§ **PROBLEM TO SOLVE**
Set down all the records below, word for word.

------

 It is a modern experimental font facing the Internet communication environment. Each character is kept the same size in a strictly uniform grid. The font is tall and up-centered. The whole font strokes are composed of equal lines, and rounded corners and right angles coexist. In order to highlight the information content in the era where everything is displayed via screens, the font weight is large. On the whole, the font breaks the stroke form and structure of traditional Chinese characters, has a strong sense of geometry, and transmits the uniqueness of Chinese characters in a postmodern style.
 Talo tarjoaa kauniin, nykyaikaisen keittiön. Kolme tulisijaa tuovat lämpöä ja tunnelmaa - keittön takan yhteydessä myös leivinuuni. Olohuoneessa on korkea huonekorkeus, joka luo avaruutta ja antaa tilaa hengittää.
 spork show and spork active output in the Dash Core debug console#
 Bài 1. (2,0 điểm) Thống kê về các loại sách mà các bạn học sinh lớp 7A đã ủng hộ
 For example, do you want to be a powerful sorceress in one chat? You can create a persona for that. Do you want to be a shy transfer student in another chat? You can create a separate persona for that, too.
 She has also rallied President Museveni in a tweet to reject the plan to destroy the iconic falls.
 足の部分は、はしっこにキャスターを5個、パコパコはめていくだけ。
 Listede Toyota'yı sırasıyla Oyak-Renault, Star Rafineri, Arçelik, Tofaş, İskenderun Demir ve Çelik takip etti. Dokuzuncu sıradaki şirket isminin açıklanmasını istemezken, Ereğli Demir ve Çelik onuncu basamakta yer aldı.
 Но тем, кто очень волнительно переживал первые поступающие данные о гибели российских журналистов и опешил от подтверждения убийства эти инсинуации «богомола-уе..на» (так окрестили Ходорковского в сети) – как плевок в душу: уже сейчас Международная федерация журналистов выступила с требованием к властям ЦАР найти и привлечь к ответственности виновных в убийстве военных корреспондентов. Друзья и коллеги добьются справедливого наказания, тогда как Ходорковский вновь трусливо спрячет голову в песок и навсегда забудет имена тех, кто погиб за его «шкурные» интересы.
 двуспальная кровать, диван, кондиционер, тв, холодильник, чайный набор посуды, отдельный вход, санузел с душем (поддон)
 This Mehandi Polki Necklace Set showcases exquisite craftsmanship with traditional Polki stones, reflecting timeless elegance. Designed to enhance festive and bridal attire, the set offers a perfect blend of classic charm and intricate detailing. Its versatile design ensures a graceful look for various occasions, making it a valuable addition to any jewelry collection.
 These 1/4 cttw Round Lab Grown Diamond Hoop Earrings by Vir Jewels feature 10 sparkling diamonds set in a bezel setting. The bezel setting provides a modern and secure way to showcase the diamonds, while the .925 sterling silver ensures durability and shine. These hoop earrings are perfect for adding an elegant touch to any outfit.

------

§ **PROBLEM SOLUTION**
 It is a modern experimental font facing the Internet communication environment. Each character is kept the same size in a strictly uniform grid. The font is tall and up-centered. The whole font strokes are composed of equal lines, and rounded corners and right angles coexist. In order to highlight the information content in the era where everything is displayed via screens, the font weight is large. On the whole, the font breaks the stroke form and structure of traditional Chinese characters, has a strong sense of geometry, and transmits the uniqueness of Chinese characters in a postmodern style.
 Talo tarjoaa kauniin, nykyaikaisen keittiön. Kolme tulisijaa tuovat lämpöä ja tunnelmaa - keittön takan yhteydessä myös leivinuuni. Olohuoneessa on korkea huonekorkeus, joka luo avaruutta ja antaa tilaa hengittää.
 spork show and spork active output in the Dash Core debug console#
 Bài 1. (2,0 điểm) Thống kê về các loại sách mà các bạn học sinh lớp 7A đã ủng hộ
 For example, do you want to be a powerful sorceress in one chat? You can create a persona for that. Do you want to be a shy transfer student in another chat? You can create a separate persona for that, too.
 She has also rallied President Museveni in a tweet to reject the plan to destroy the iconic falls.
 足の部分は、はしっこにキャスターを5個、パコパコはめていくだけ。
 Listede Toyota'yı sırasıyla Oyak-Renault, Star Rafineri, Arçelik, Tofaş, İskenderun Demir ve Çelik takip etti. Dokuzuncu sıradaki şirket isminin açıklanmasını istemezken, Ereğli Demir ve Çelik onuncu basamakta yer aldı.
 Но тем, кто очень волнительно переживал первые поступающие данные о гибели российских журналистов и опешил от подтверждения убийства эти инсинуации «богомола-уе..на» (так окрестили Ходорковского в сети) – как плевок в душу: уже сейчас Международная федерация журналистов выступила с требованием к властям ЦАР найти и привлечь к ответственности виновных в убийстве военных корреспондентов. Друзья и коллеги добьются справедливого наказания, тогда как Ходорковский вновь трусливо спрячет голову в песок и навсегда забудет имена тех, кто погиб за его «шкурные» интересы.
 двуспальная кровать, диван, кондиционер, тв, холодильник, чайный набор посуды, отдельный вход, санузел с душем (поддон)
 This Mehandi Polki Necklace Set showcases exquisite craftsmanship with traditional Polki stones, reflecting timeless elegance. Designed to enhance festive and bridal attire, the set offers a perfect blend of classic charm and intricate detailing. Its versatile design ensures a graceful look for various occasions, making it a valuable addition to any jewelry collection.
 These 1/4 cttw Round Lab Grown Diamond Hoop Earrings by Vir Jewels feature 10 sparkling diamonds set in a bezel setting. The bezel setting provides a modern and secure way to showcase the diamonds, while the .925 sterling silver ensures durability and shine. These hoop earrings are perfect for adding an elegant touch to any outfit.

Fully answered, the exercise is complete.